» Work to be completed: Within the lines below, the span from the line with "ThinkSono AI Training is for" to the line with "教师节是一个优秀者尽情绽放的", both ends included, is to be reproduced exactly, with pictures omitted.

» Information provided:

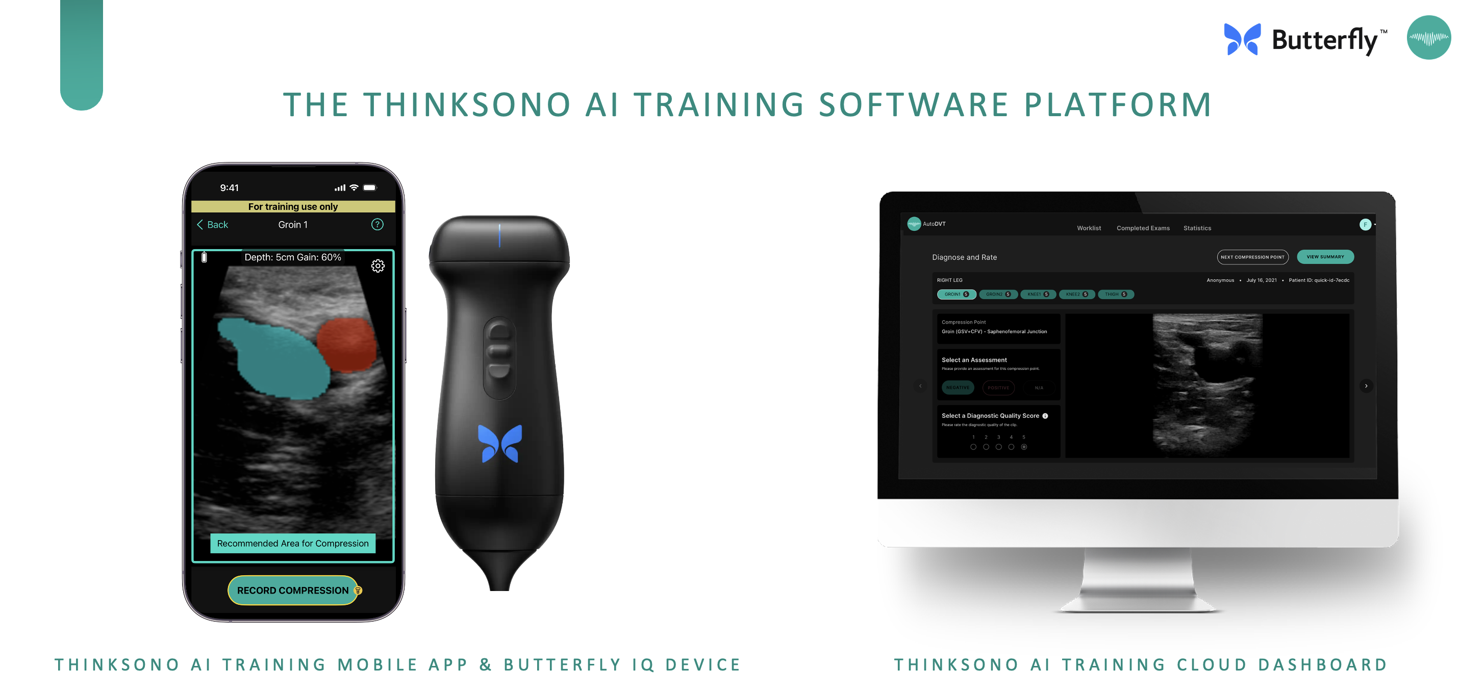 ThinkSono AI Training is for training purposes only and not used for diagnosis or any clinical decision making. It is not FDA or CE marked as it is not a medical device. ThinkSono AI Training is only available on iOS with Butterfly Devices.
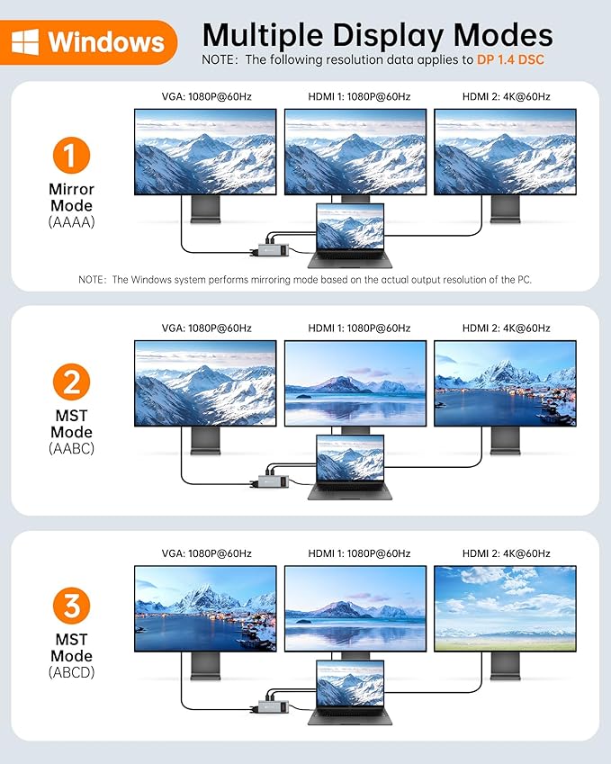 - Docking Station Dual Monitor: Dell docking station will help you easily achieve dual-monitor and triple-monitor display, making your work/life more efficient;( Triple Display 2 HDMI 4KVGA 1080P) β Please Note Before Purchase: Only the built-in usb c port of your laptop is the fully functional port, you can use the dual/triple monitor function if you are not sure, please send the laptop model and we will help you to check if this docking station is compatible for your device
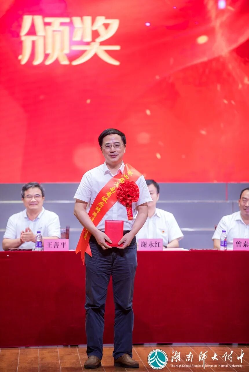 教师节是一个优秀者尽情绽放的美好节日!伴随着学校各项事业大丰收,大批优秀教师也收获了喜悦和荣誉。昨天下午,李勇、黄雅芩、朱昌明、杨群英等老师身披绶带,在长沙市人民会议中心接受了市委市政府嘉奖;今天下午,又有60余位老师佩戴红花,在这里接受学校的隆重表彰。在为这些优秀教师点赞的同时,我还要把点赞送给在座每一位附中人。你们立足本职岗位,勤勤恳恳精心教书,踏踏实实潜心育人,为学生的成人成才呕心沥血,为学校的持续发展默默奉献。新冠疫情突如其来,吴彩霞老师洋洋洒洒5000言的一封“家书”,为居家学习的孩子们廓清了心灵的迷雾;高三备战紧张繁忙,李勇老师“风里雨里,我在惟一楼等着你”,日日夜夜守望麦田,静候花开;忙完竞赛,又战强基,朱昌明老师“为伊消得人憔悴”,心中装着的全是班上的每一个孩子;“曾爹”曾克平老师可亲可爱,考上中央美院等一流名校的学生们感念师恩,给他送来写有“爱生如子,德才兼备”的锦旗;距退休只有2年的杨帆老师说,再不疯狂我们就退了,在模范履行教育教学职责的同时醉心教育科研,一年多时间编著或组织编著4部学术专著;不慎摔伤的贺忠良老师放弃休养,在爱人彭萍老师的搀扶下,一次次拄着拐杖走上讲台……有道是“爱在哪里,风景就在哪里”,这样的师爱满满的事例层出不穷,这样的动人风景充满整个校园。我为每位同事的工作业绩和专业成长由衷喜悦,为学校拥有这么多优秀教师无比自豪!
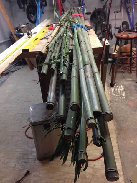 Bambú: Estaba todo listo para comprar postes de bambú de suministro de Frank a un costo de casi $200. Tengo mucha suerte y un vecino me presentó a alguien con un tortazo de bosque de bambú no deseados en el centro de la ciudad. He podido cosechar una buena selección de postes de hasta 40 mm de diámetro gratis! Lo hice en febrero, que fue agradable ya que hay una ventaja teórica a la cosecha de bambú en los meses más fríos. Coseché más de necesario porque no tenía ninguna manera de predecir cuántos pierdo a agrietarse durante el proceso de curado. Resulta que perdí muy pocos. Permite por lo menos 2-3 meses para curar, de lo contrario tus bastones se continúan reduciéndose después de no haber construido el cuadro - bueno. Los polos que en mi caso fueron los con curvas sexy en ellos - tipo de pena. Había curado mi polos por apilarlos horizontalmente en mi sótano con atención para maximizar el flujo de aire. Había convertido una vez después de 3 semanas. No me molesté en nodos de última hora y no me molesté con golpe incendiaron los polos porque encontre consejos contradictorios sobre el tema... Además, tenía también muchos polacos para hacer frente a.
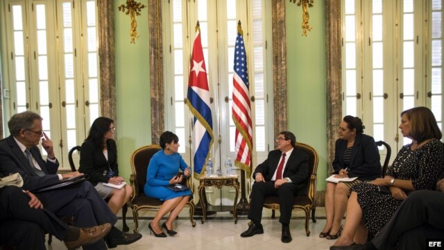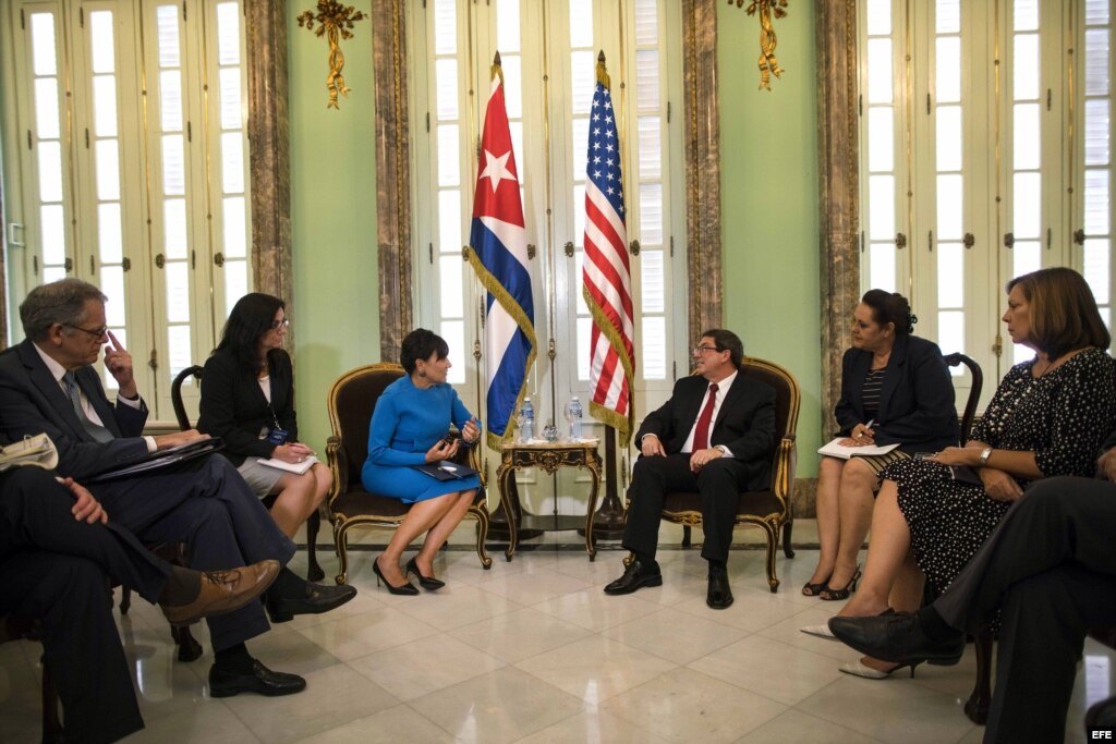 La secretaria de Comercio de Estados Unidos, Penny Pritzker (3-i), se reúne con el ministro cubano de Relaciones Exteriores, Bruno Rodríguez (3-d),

---

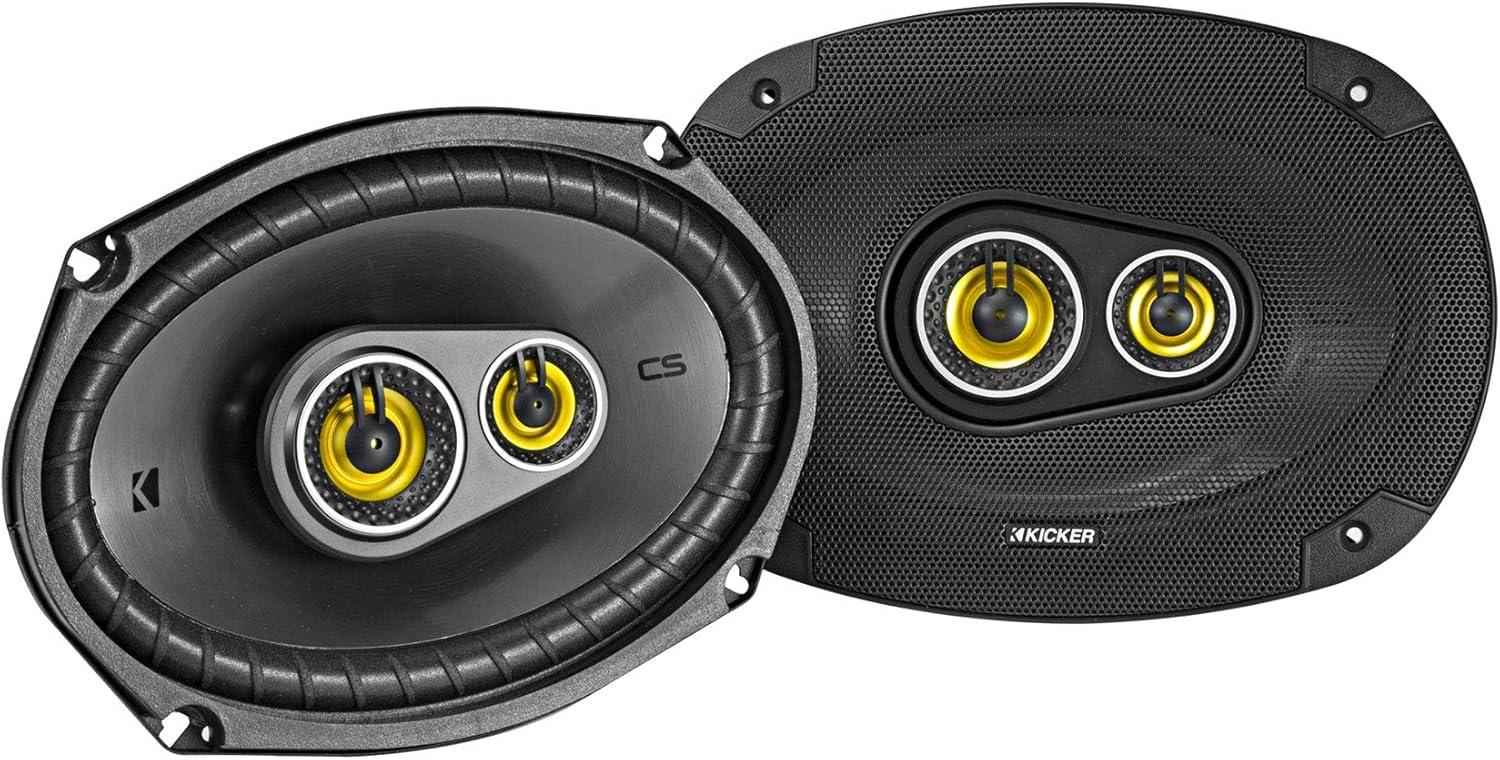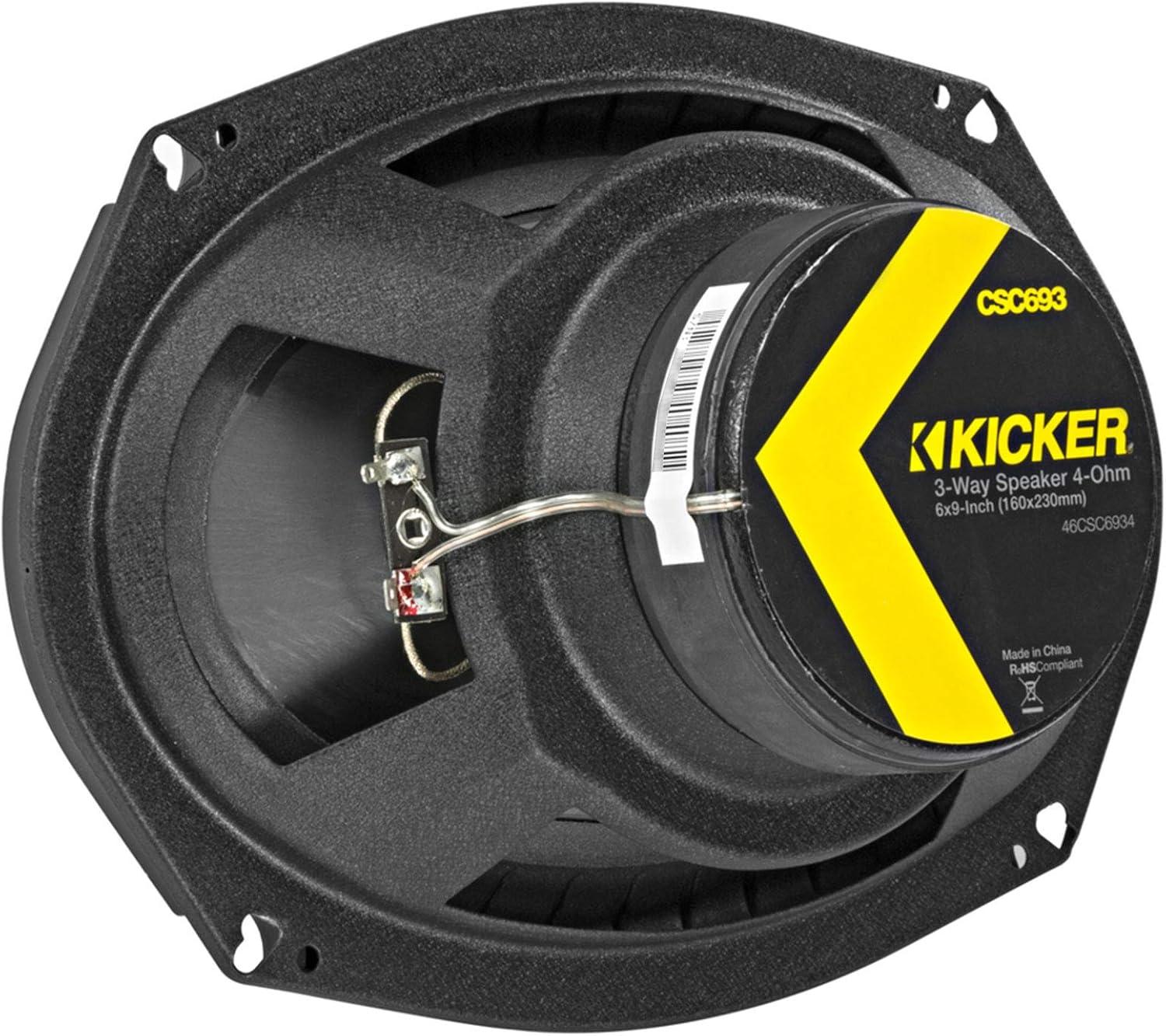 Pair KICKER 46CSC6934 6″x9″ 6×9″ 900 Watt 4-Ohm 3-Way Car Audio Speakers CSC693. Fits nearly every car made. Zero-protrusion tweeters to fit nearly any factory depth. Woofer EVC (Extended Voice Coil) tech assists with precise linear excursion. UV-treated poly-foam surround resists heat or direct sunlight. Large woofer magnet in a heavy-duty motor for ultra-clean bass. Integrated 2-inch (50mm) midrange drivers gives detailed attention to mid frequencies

» Result of this exercise:
 ThinkSono AI Training is for training purposes only and not used for diagnosis or any clinical decision making. It is not FDA or CE marked as it is not a medical device. ThinkSono AI Training is only available on iOS with Butterfly Devices.
 - Docking Station Dual Monitor: Dell docking station will help you easily achieve dual-monitor and triple-monitor display, making your work/life more efficient;( Triple Display 2 HDMI 4KVGA 1080P) β Please Note Before Purchase: Only the built-in usb c port of your laptop is the fully functional port, you can use the dual/triple monitor function if you are not sure, please send the laptop model and we will help you to check if this docking station is compatible for your device
 教师节是一个优秀者尽情绽放的美好节日!伴随着学校各项事业大丰收,大批优秀教师也收获了喜悦和荣誉。昨天下午,李勇、黄雅芩、朱昌明、杨群英等老师身披绶带,在长沙市人民会议中心接受了市委市政府嘉奖;今天下午,又有60余位老师佩戴红花,在这里接受学校的隆重表彰。在为这些优秀教师点赞的同时,我还要把点赞送给在座每一位附中人。你们立足本职岗位,勤勤恳恳精心教书,踏踏实实潜心育人,为学生的成人成才呕心沥血,为学校的持续发展默默奉献。新冠疫情突如其来,吴彩霞老师洋洋洒洒5000言的一封“家书”,为居家学习的孩子们廓清了心灵的迷雾;高三备战紧张繁忙,李勇老师“风里雨里,我在惟一楼等着你”,日日夜夜守望麦田,静候花开;忙完竞赛,又战强基,朱昌明老师“为伊消得人憔悴”,心中装着的全是班上的每一个孩子;“曾爹”曾克平老师可亲可爱,考上中央美院等一流名校的学生们感念师恩,给他送来写有“爱生如子,德才兼备”的锦旗;距退休只有2年的杨帆老师说,再不疯狂我们就退了,在模范履行教育教学职责的同时醉心教育科研,一年多时间编著或组织编著4部学术专著;不慎摔伤的贺忠良老师放弃休养,在爱人彭萍老师的搀扶下,一次次拄着拐杖走上讲台……有道是“爱在哪里,风景就在哪里”,这样的师爱满满的事例层出不穷,这样的动人风景充满整个校园。我为每位同事的工作业绩和专业成长由衷喜悦,为学校拥有这么多优秀教师无比自豪!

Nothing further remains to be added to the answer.